Figure 6.

Increased ROS production drives HIF stabilization and tumor progression in BNip3 null tumors

1. Staining of frozen sections of wild-type and BNip3 null tumors at d35 for dihydroethidine (n = 4 for each genotype) and of FFPE sections for 8-hydroxyguanine (8-OHdG) at d80 (n = 4 for each genotype). Scale bar is 50 μm.
2. Quantification of staining for DHE and 8-OHdG presented in (A).
3. Flow cytometric analysis of mitochondrial ROS using MitoSOX fluorescent probe (n = 4 for each genotype).
4. Quantification of total levels of reduced and oxidized glutathione, glycine and cysteine in wild-type and BNip3 null tumor cells (3 biological replicates and 3 experimental replicates).
5. Effect of BHA diet supplementation on MMTV-PyMT tumor volume in wild-type (n = 12) and BNip3 null (n = 19) mice.
6. Immunohistochemical staining for Ki67 on wild-type and BNip3 null tumors at d80 having been fed regular chow or BHA-supplemented chow from d65 (n = 4 for each genotype and treatment).
7. Immunohistochemical staining for Hif-1α on BNip3 null tumors at d80 having been fed regular chow or BHA-supplemented chow from d65 (n = 4 for each treatment).

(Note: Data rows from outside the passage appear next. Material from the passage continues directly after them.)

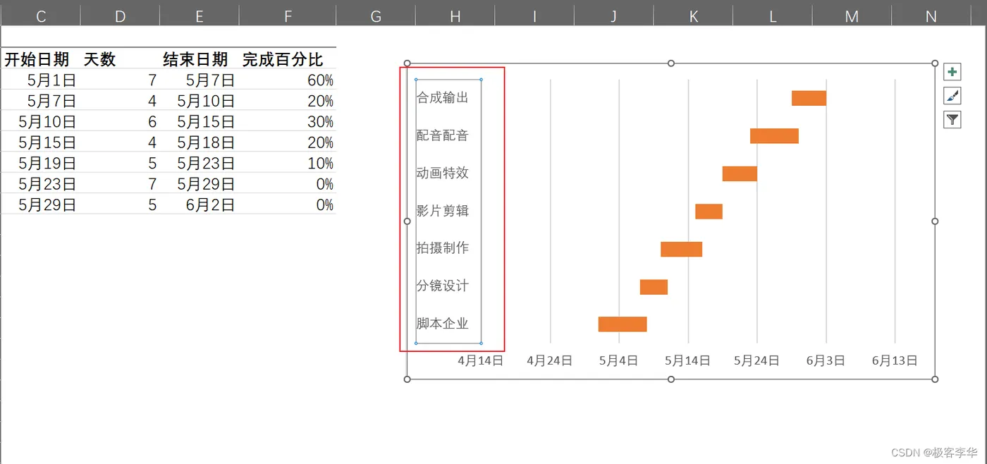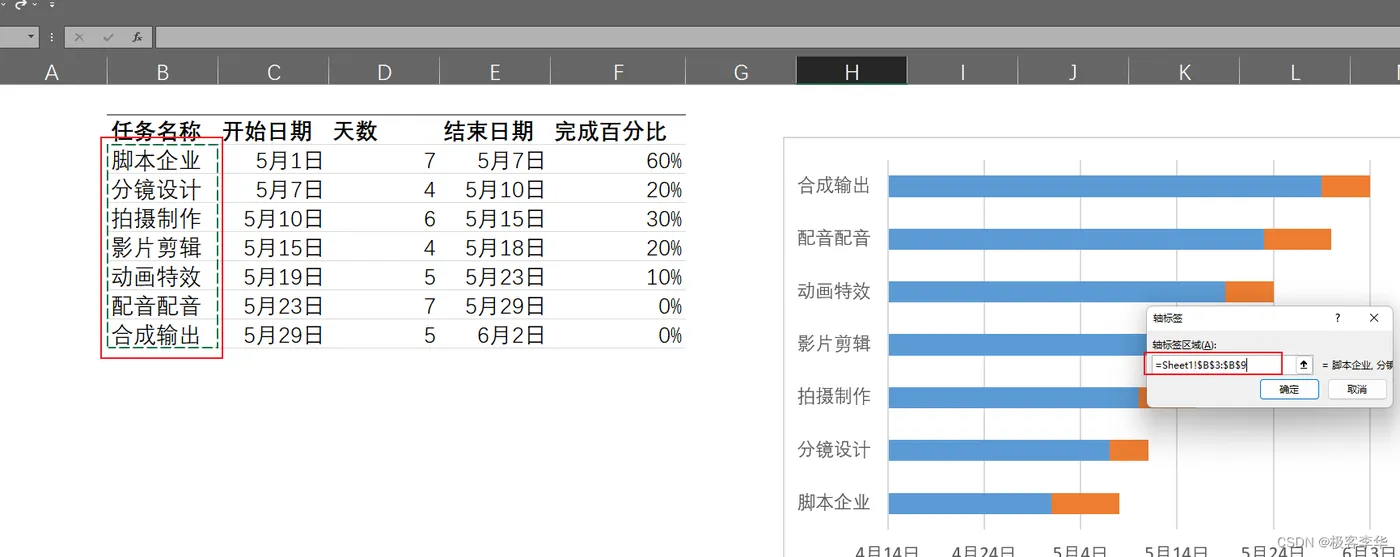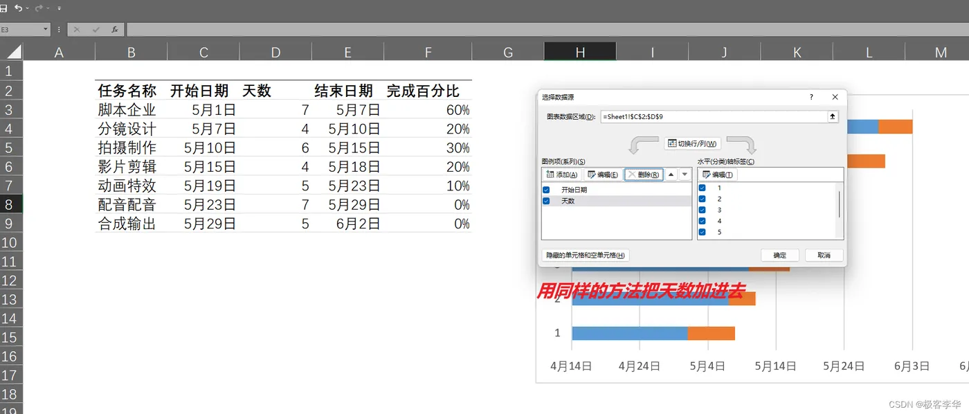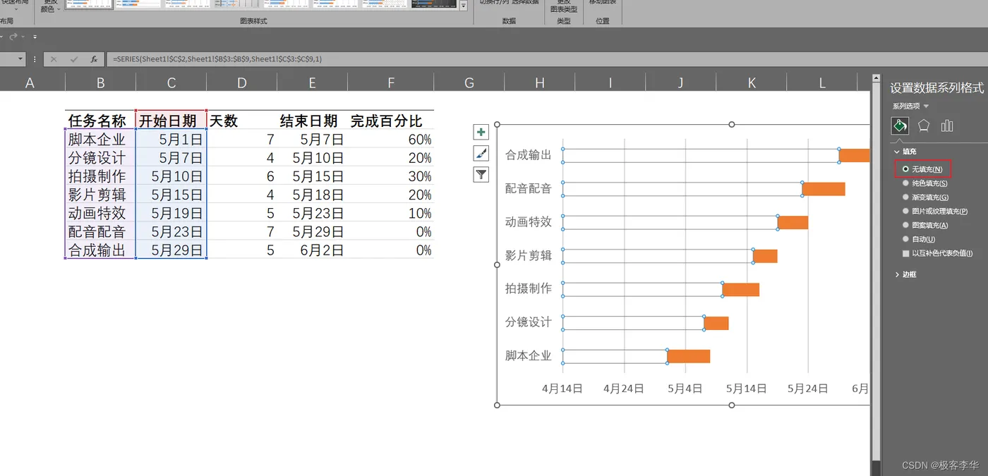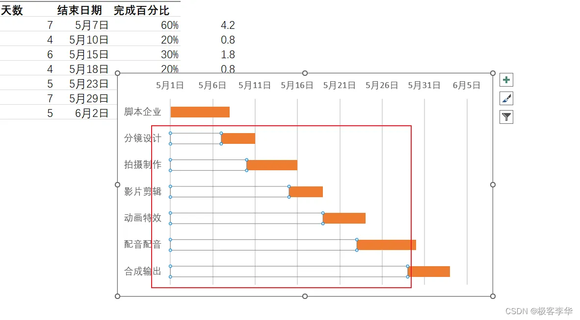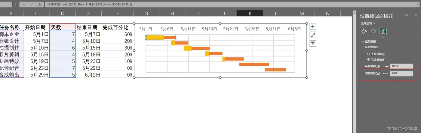 使用简单的公式进行计算,天数*完成百分比 - 制作误差线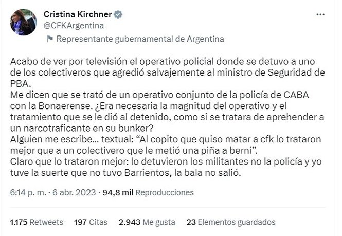 La vicepresidenta Cristina Kirchner rompió el silencio para cuestionar la detención de los colectiveros que atacaron al ministro de Seguridad bonaerense, Sergio Berni. “Me dicen que se trató de un operativo conjunto de la policía de CABA con la Bonaerense. ¿Era necesaria la magnitud del operativo y el tratamiento que se le dio al detenido, como si se tratara de aprehender a un narcotraficante en su bunker?”, escribió en su cuenta de Twitter.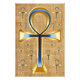 Le symbole égyptien Ankh ou Key Of Life dans les tons or et bleu. L'Ankh au centre du design est complété par des symboles Ankh plus petits autour sur un design arrière - plan papyrus.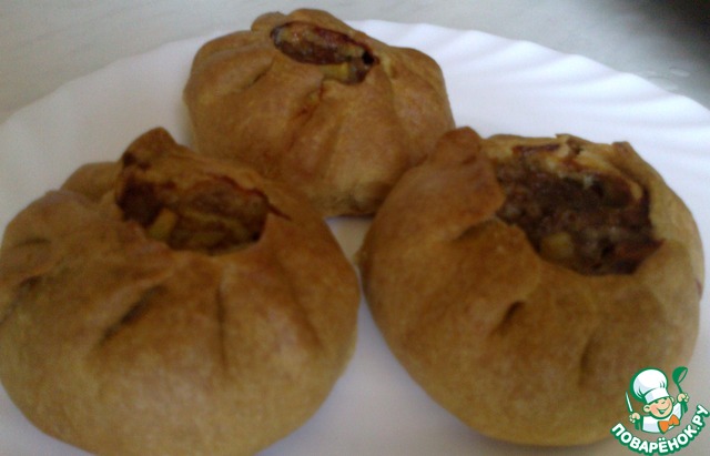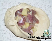 Разминаем ещё раз наше тесто, раскатываем маленькие лепёшечки размером с блюдце, кладём на середину фарш.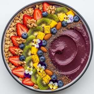 A deep purple acai base topped with sliced fruits, granola, nuts, seeds, and edible flowers.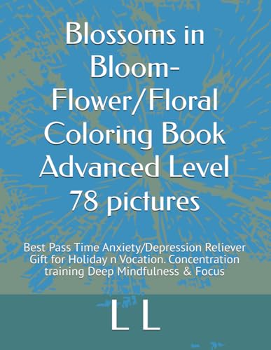 Blossoms in Bloom- Flower/Floral Coloring Book Advanced Level 78 pictures: Best Pass Time Anxiety/Depression Reliever Gift for Holiday n Vocation. Concentration training Deep Mindfulness & Focus

Scale bar is 100 μm.
8. qPCR for expression of key Hif target genes and other growth-related genes in tumors from wild-type and BNip3 null mice at d80 having been fed regular chow or BHA-supplemented chow from d65 (performed in triplicate).

Data information: Results are expressed as the mean ± SEM. *P < 0.05, **P < 0.01, ***P < 0.001, ****P < 0.0001.